Required work ▸
From the line that contains "广州职业技术大学是广州市第一" down to the final line of the listing below, set down every line exactly, both ends included, and drop the pictures.

Supplied information ▸
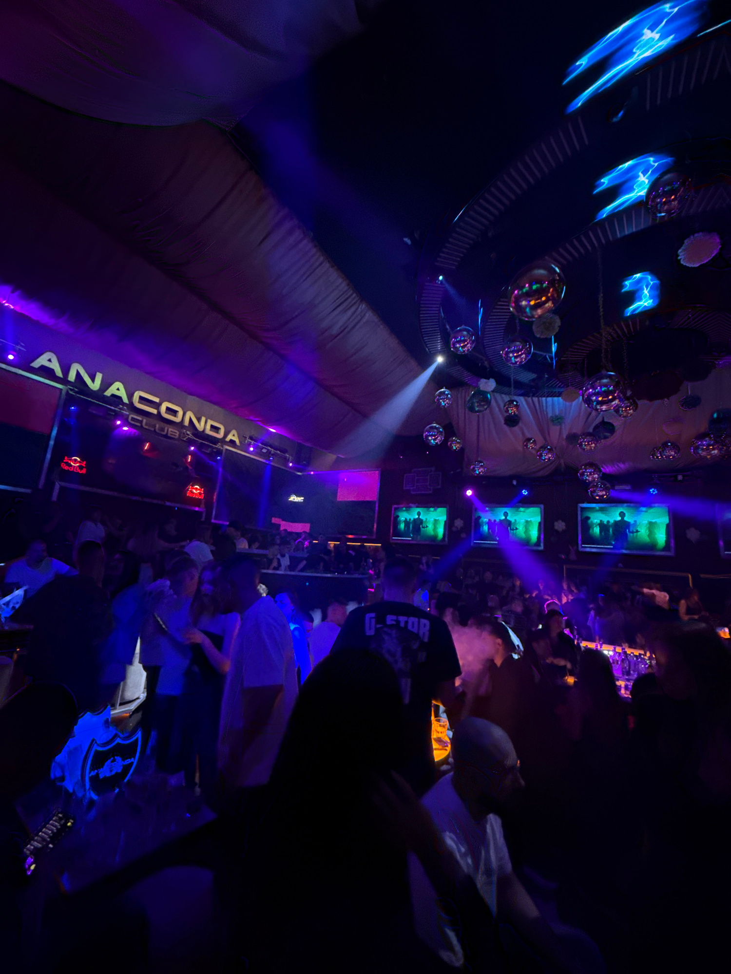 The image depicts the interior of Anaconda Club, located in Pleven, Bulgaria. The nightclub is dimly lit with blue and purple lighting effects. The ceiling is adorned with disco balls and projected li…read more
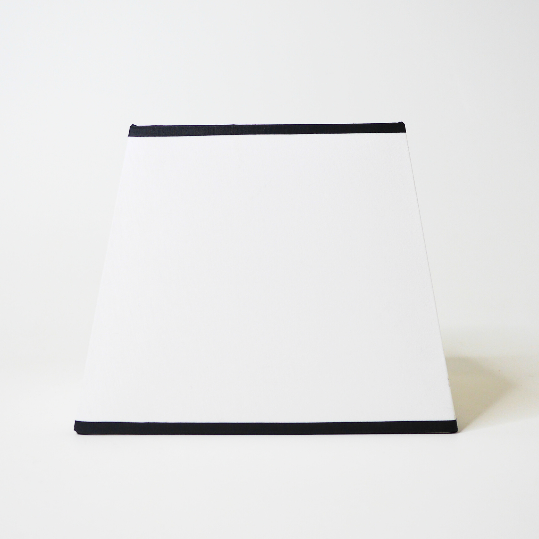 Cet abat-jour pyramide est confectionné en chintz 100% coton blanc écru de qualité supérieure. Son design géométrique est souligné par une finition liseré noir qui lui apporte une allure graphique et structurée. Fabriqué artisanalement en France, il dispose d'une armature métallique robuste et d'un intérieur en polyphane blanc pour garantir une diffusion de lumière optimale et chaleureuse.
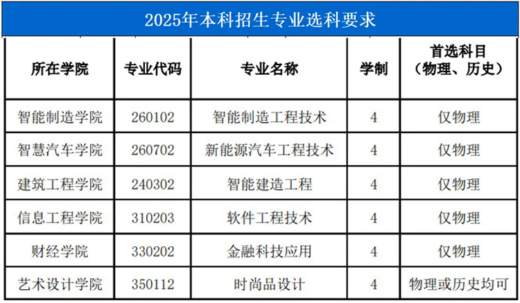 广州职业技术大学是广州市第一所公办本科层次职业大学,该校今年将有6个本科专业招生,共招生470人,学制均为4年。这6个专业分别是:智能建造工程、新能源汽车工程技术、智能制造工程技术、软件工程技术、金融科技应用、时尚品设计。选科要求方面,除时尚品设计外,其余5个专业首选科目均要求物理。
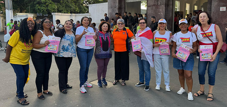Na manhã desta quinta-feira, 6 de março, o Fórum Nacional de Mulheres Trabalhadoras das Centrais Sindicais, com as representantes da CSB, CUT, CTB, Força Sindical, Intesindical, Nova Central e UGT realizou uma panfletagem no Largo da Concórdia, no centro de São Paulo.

Exercise output ▸
 广州职业技术大学是广州市第一所公办本科层次职业大学,该校今年将有6个本科专业招生,共招生470人,学制均为4年。这6个专业分别是:智能建造工程、新能源汽车工程技术、智能制造工程技术、软件工程技术、金融科技应用、时尚品设计。选科要求方面,除时尚品设计外,其余5个专业首选科目均要求物理。
Na manhã desta quinta-feira, 6 de março, o Fórum Nacional de Mulheres Trabalhadoras das Centrais Sindicais, com as representantes da CSB, CUT, CTB, Força Sindical, Intesindical, Nova Central e UGT realizou uma panfletagem no Largo da Concórdia, no centro de São Paulo.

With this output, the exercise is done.